Je nach Indikation werden während der UDI spezielle Tests durchgeführt: der Kaltwassertest. Der Kaltwassertest besteht aus der Messung des Detrusordrucks durch schnelles Einleiten von gekühltem destilliertem Wasser in die Blase. Bei Patienten mit einer Schädigung des oberen Motoneurons kommt es als Reaktion auf die schnelle Einführung von gekühlter Flüssigkeit zu einer starken Kontraktion des Detrusors, oft begleitet von dringender Harninkontinenz.

Ein positives Testergebnis weist auf eine Schädigung der unteren Rückenmarksabschnitte oder der Blasennerven hin.

So ermöglichen urodynamische Untersuchungsmethoden die Aufdeckung aller bestehenden Formen neurogener Dysfunktion der unteren Harnwege. Die Füllzystometrie ermöglicht die Beurteilung der Akkumulationsphase der Blase und die Feststellung einer Abnahme oder Zunahme der Blasenempfindlichkeit, einer Abnahme der Anpassungsfähigkeit (Compliance) des Detrusors, einer Zunahme des Blasenvolumens, einer Detrusorhyperaktivität und einer Schließmuskelakontraktilität.

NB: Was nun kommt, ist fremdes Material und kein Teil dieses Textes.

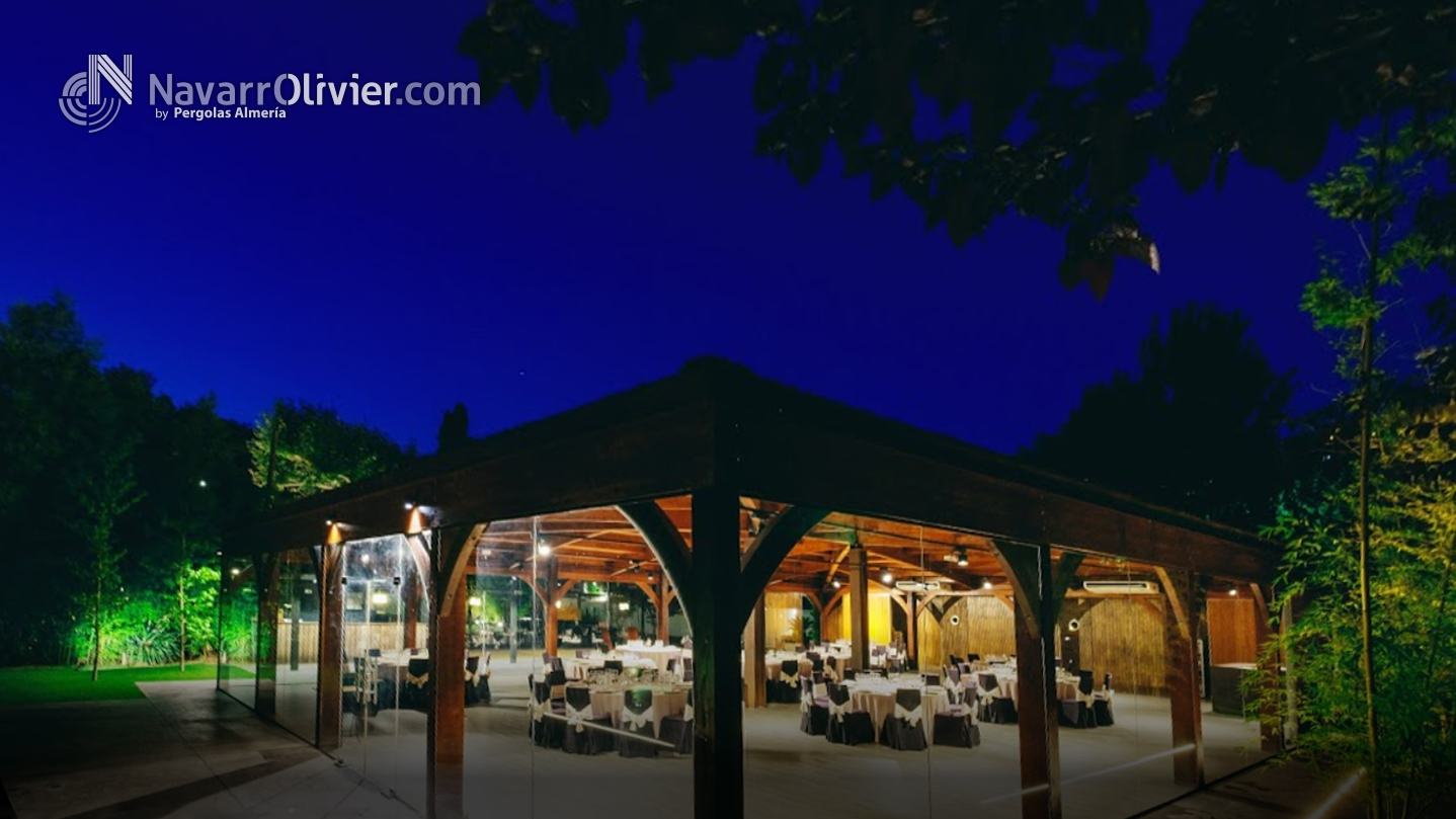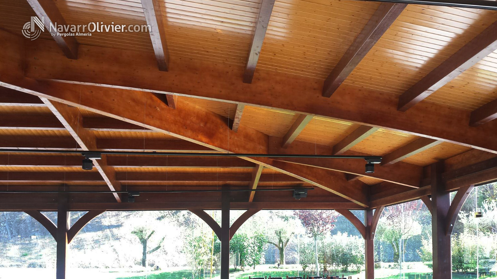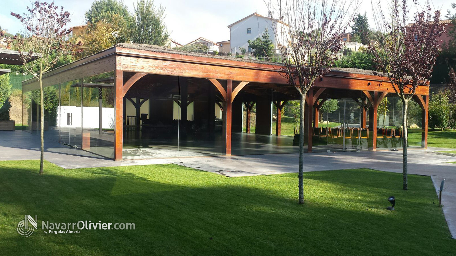 Construcción en madera estructural de cubierta de grandes luces en vigas de madera laminada curva. Estructura en madera estructural laminada con cubierta tipo cúpula con pilares centrales de apoyo en ipn. Dado el uso de la construcción como salón de celebraciones y eventos se requería un gran espacio diáfano que permita diferentes decoraciones y configuraciones así también como una eficiente aislación térmica y acústica para lo cual se opto por panel sandwich compuesto de friso de madera machihembrada vista, núcleo de poliuretano de 120 mm y estructura exterior en tablero hidrófugo impermeabilizado con tela asfáltica sellada por calor acabado exterior en brezo decorativo. Para el cerramiento perimetral se opto por cortina de cristal que permite continuidad con el jardín en caso de que la celebración se realiza en la temporada estival. Masía Mas Llombart es un excelente ejemplo de eficiencia y funcionalidad aplicado a la construcción de estructuras en madera estructural.
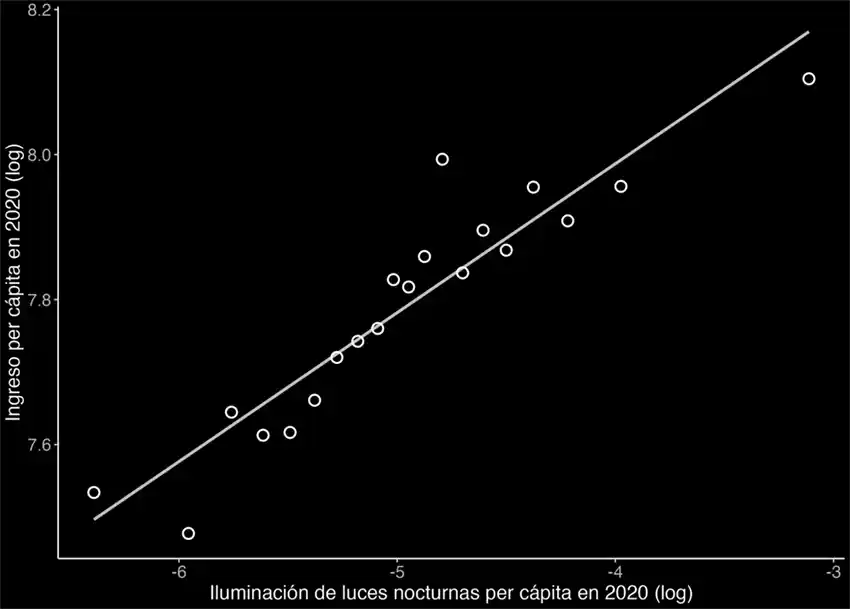 Fuente: Elaboración propia con base en datos de la muestra ampliada del Censo de Población y Vivienda 2020 y de Elvidge y coautores (2019). El eje horizontal representa la luminosidad nocturna per cápita promedio a nivel municipal para el año 2020 en escala logarítmica. El eje vertical representa el ingreso per cápita promedio a nivel municipal para el año 2020 en escala logarítmica. Cada punto representa el promedio por veintil de iluminación nocturna per cápita e ingreso per cápita.

„Druckfluss“ mit gleichzeitiger EMG der Beckenbodenmuskulatur hilft, die Phase der Blasenentleerung zu beurteilen und eine Abnahme oder das Fehlen der kontraktilen Aktivität des Detrusors, eine externe Detrusor-Sphinkter-Dyssynergie und eine Verletzung der ausreichenden Entspannung des quergestreiften Schließmuskels der Harnröhre zu erkennen.

Durch die videourodynamische Untersuchung können eine Dyssynergie des inneren Detrusor-Sphinkter-Muskels und eine beeinträchtigte ausreichende Entspannung des Blasenhalses diagnostiziert werden.